Город не может жить без архитектора

В Барнауле завершился фестиваль «Зодчество в Сибири», но его отголоски долго еще будут звучать в сообществе архитекторов. Впечатлениями о Барнауле и фестивале с журналистами поделилась его основатель Елена Григорьева, вице-президент Союза архитекторов России, создатель журнала «Проект Байкал», один из самых влиятельных архитекторов Иркутской области. Конечно, мы не могли не спросить у нее мнение о награде, которая наделала много шумихи в архитекторской среде.

Напомним, Гран-при получила Екатерина Шаповаленко за свой проект реновации территории бывшего БЛВЗ, памятника архитектуры, где сейчас развернулось строительство жилого комплекса «Две эпохи».
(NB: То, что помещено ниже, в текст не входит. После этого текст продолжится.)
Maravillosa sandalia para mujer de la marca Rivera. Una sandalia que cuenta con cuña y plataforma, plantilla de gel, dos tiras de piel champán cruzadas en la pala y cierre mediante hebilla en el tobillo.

Город не может жить без архитектора

Премии можно лишить

— Моя жесткая позиция: реестровые памятники, пока они таковыми являются, будь добр, рисуй на генеральном плане, определяй их к реставрации, реконструкции. Если их уже нет — к восстановлению, — сказала Елена Григорьева. — На самом деле так бывает, что жюри судит тот объем материала, который предоставлен на подрамнике. Возможно, мне даже намекали на то, что автор выставил только позитивные моменты и умолчал о том, что проект исключает реестровые памятники. Этого делать нельзя никогда. Это заповедь. Памятнику, пока он существует, нужно придумывать функцию, отражать, но руками архитектора его сносить недопустимо.

— Как этого избежать?

— Мы говорили об этом с барнаульскими коллегами. Конечно, надо было, чтобы в составе жюри был кто-то из местных архитекторов. Раз этот проект уже был на стыке интересов и вызывал множество вопросов, то этого (вручения премии Шаповаленко — прим. ред.) не случилось бы.

То, что проблема реновации бывшего БЛВЗ встала в центр внимания хотя бы в таком виде, по мнению Григорьевой, достойно отдельного обсуждения, в том числе и этики работающего над проектом архитектора, корректности предоставления информации.
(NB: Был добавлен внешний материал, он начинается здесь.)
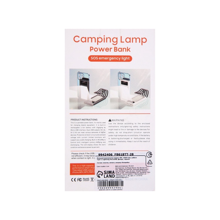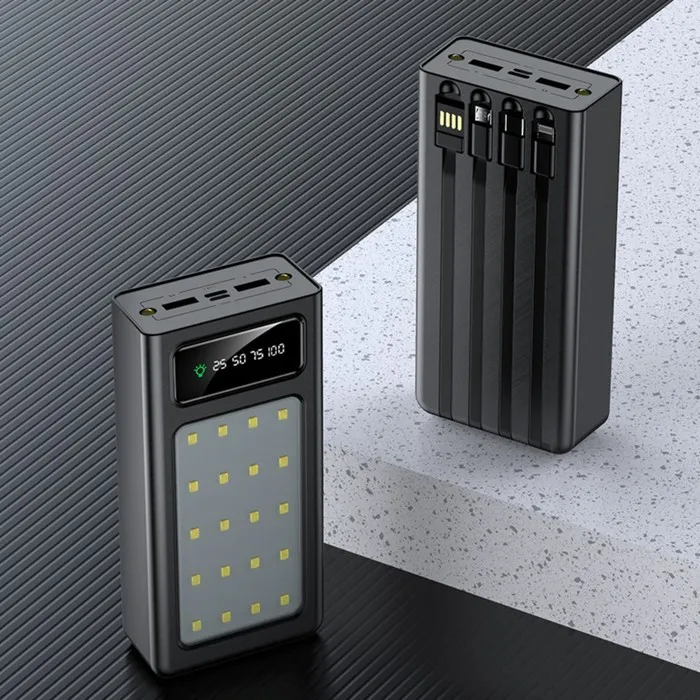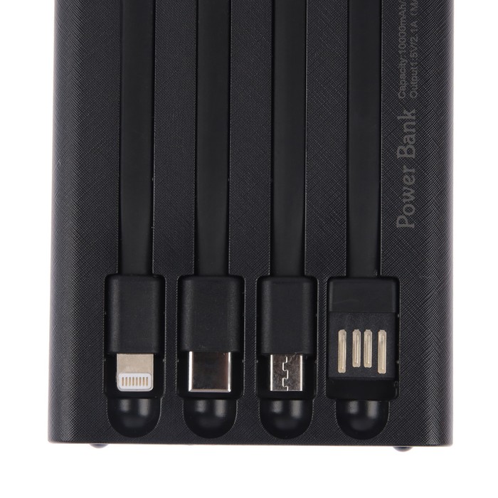 Внешний аккумулятор 485, 10000 мАч, кабели Type-C/Lightning/MicroUSB, фонарь, чёрный — Характеристики

— Если на суд жюри выдается неполная информация об объекте, это нужно останавливать, обсуждать и договариваться о правилах поведения. Если действительно будет установлена извращенная подача информации, то да, архитектора могут лишить премии. На самом деле это бывает очень редко, за 17-летнюю практику я никогда не сталкивалась с подобными случаями. С таким, я бы сказала, черным пиаром. Местные архитекторы, насколько я поняла, не на ее стороне.

«Спичка» — достопримечательность № 1

— Вы побывали на «Спичке», какое впечатление на вас произвел этот объект?
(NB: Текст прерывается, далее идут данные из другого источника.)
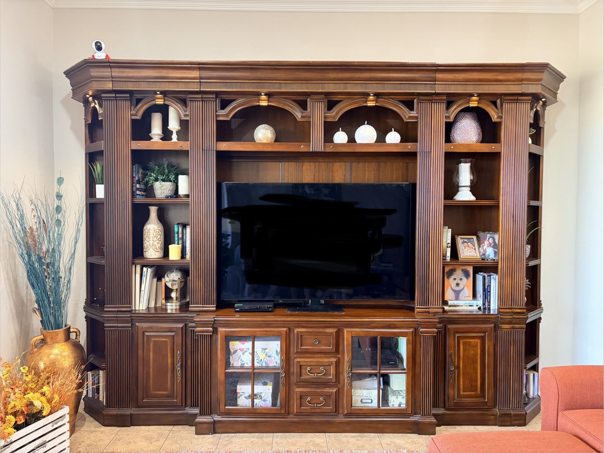 Entertainment Center: $1800 65” TV is separate purchase Parker House” brand …(price was $5100 new) 94 inches high and total width is 129 inches. Mahogany wood and includes all lighting above shelves. It is in five different pieces. CASH only. No Venmo, PayPal or Zelle. pick up in Sun City West - 303 and El Mirage Road

— Он потряс меня больше всего. Удивительное место с очень большим потенциалом. Это достопримечательность если не номер один, то точно в первой пятерке. А может быть, и номер один, потому что мне сложно судить, я не все успела посмотреть. Это великолепный объект, кроме того, он первый в городе. Слава богу, что общественность обратила на него внимание, я видела, что там сделали волонтеры, и место это — уже не запущенная свалка, а даже в руинированном состоянии — достопримечательность. Нужно работать с инвесторами, суметь им объяснить, как это место может быть им выгодно, а городским властям — что оно даст городу. Чтобы и они там тоже работали. На энтузиазме можно сделать все, даже «Спичку». Терять ее нельзя ни в коем случае.

Про Мало-Тобольскую

— Я посмотрела улицы Мало-Тобольскую и Толстого. Про первую, по-моему, все очевидно: взяли и замостили плиткой. Совершенно бездумно, без всякой концепции, идеи, анализа нужд тех, для кого это все делается. Там настолько очевидная ошибка, что у меня такое подозрение, будто в этом месте архитектор и не ночевал. Специалист не сделал бы так, — продолжает Елена. Напомню, она — практикующий архитектор, второй раз побывала в Барнауле, но так точно и профессионально оценила ситуацию, которая, впрочем, известна и ясна горожанам. Проекты по благоустройству Мало-Тобольской не раз критиковались и поднимались на смех. На горький смех. И единственное, чем реально озаботились «благоустранители», — это ремонтом медведя, потому что он стал таким популярным, что его ушки проржавели от людских поглаживаний.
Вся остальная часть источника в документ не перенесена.